16 September 2009
- RSIS
- Publication
- RSIS Publications
- CO09093 | Imagining the Future: The World in 2020
Commentary
Crystal ball gazing into the future has become a trend. Many projections however tend to look too far ahead. What will the world look like in 2020?
OVER THE past year, economies around the globe have dipped into recession and the confident view of continuing economic growth has been replaced by the spectre of another great depression. Amidst the doom and gloom, I have found that there is considerable interest in projections of the future. Having sat through many an assessment of the ‘World in 2050’, I have become increasingly sceptical of such long-term assessments.

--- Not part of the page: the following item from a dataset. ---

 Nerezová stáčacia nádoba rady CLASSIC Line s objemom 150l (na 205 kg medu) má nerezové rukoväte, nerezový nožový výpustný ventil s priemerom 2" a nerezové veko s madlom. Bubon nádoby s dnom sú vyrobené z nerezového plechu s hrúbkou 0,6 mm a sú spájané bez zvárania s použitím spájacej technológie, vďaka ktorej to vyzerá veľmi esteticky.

They often seem to project into the future current trends without looking at the capacity of societies to change outcomes through mitigation and adaptation as well as through revolutionary breakthroughs. Perspectives which use a five- or ten-year horizon appear more grounded in reality. This has led me into my own effort at crystal ball gazing in the field of international affairs.
End of the Anglo-Saxon Model?
First, there is general consensus on the continuing rise of emerging powers such as China and India as well as the resurgence of Russia. By 2020, China will be on the way to becoming the world’s second largest economy. India will grow at a steadier pace. Russia will re-emerge because of its oil and mineral resources. Brazil, Iran, Indonesia and Turkey will be more influential if economic growth and political stability can be sustained over the next decade. Although the United States will be the leading global power, the unipolar moment of American dominance has passed and the US will exercise global leadership only if it can encourage action by a coalition of powers. While no state will directly challenge the US for global leadership, we can expect rising powers such as China to be increasingly influential in states and regions surrounding them as well as in regions such as Africa which have felt neglected by the US since the end of the Cold War.

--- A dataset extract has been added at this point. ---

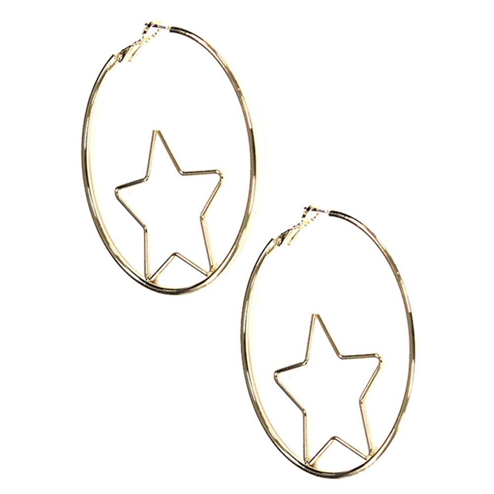 STAR ROUND METAL HOOP EARRING

Secondly, we should expect a turn to greater regulation and calls for changes in the structure of global political and economic governance. The current economic recession has undermined the Anglo-Saxon model of efficient stable markets where the pricing of stocks or housing was deemed to reflect the rational behaviour of individuals. The implosion of the US sub-prime market and the widespread coverage of financial excesses and regulatory weaknesses such as the extent of the Bernie Madoff fraud will lead to pressure for stronger domestic and international oversight and tighter regulation. European leaders have already started pushing for greater regulation at the recent G-20 meeting of finance ministers while East Asian states will be more confident of their own models of freer trade with highly regulated financial markets and state capitalism.
The ‘Darfur Syndrome’
If international political and economic institutions are to maintain their influence in setting the norms and writing the rules for global society, they need to change their decision-making structures. It is inconceivable that China, for example, has a smaller share of the weighted vote in the International Monetary Fund than the combined vote of Belgium and the Netherlands. Similarly, the UN Security Council will find it increasingly difficult to justify the current composition of its permanent membership, a legacy of the outcome of the Second World War. As the European Union moves in the direction of the implementation of a common security policy, the legitimacy of the presence of the United Kingdom and France as permanent Council members will be contested.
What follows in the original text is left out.